Google Groups no longer supports new Usenet posts or subscriptions. Historical content remains viewable.
Dismiss

Get subseq of alist using regexp mathcing on cars

3 views
Skip to first unread message

Bruce Lambert

unread,
Jul 26, 2000, 3:00:00 AM7/26/00
to
Imagine I have an association list where the car of each member of the alist
is a symbol and the cdr is some other lisp object (it doesn't really matter
what type). Now I want to be able to retreive from the alist a sequence of
sublists whose cars match some regexp.

So I want to be able to say something like

(regexp-assoc <some-regexp> <some-alist>)

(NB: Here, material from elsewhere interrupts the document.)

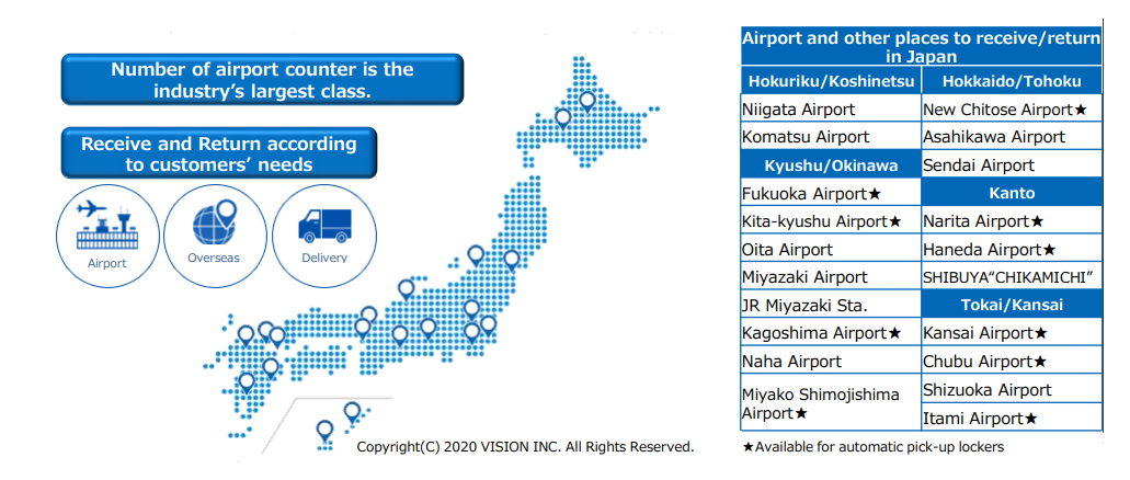 The company is proceeding with the strategy of making stores digitalized by (1) installing automatic delivery lockers (Smart Pickup), (2) adopting self-registration KIOSK terminals with multilingual support and payment settlement functions (Smart Entry), and (3) the QR code-based reception counter that features immediate customer identification (Smart Check), while expanding the number of manned counters in Japan. The company aims to evolve its stores to ones that can be used by Japanese tourists travelling abroad and foreign tourists visiting Japan, more conveniently, more comfortably, and with greater peace of mind, as well as strengthen its efforts toward the increase of routers on lease (number of routers delivered) and increase of optional services (such as insurance services and accessories).

and get the elements of alist whose sequence of cars matches the regexp.
This function would probably also have to take a :from-start and :from-end
keyword. It would also return the location in the sequence where the match
started.

I'm not sure how to approach this, short of writing my own code to compile
regexps into finite state machines than will traverse the cars of a sequence
of lists. That's too much for me.

So a couple of questions:

1. Is it clear what I want to do?
2. How might I go about it?

One way I thought of would be to grab the cars from all the sublists in
alist and coerce them into a string (assume for simplicity that the cars are
all just single-character symbols or even single characters). Then I could
do the regexp matching on the string of cars, determine where the string
started and how long it was, and grab the corresponding set of sublists from
the original alist using subseq.

Any other ideas?

-bruce

Bruce Lambert

unread,
Jul 26, 2000, 3:00:00 AM7/26/00
to
This is what I came up with myself. It seems to work in the simple case
where the cars are all single-character symbols. This will work for my
current application. It could, of course, be much fancier. I still welcome
suggestions.

(defun regexp-assoc (regexp
alist)

"Takes a regular expression and an alist and returns the subsequence of
alist whose cars match the regexp. Assume cars are all symbols whose
print-names are single characters."

(let ((car-string "")
(matching-string "")
(match-position 0))

;; Grab all cars from alist and turn them into a string.
(setf car-string
(coerce
(mapcar #'(lambda (list) (coerce (car list) 'character))
alist)
'string))

;; Do regular expression match
(multiple-value-bind (boolean string)
(match-regexp regexp car-string)
(setf matching-string string))

;; Search for the position in car-string where matching string begins
(setf match-position
(search matching-string car-string))

;; Use match position and length of matching string to grab correct
;; subseq of original alist.

(subseq alist match-position (+ match-position (length
matching-string)))))


-bruce
Bruce Lambert <lamb...@uic.edu> wrote in message
news:8ln0j7$1qa$1...@newsx.cc.uic.edu...

Erik Naggum

unread,
Jul 26, 2000, 3:00:00 AM7/26/00
to
* "Bruce Lambert" <lamb...@uic.edu>

| This is what I came up with myself. It seems to work in the simple
| case where the cars are all single-character symbols. This will
| work for my current application. It could, of course, be much
| fancier. I still welcome suggestions.

I must admit to not having understood your original request, as
"assoc" is just not what you're asking for.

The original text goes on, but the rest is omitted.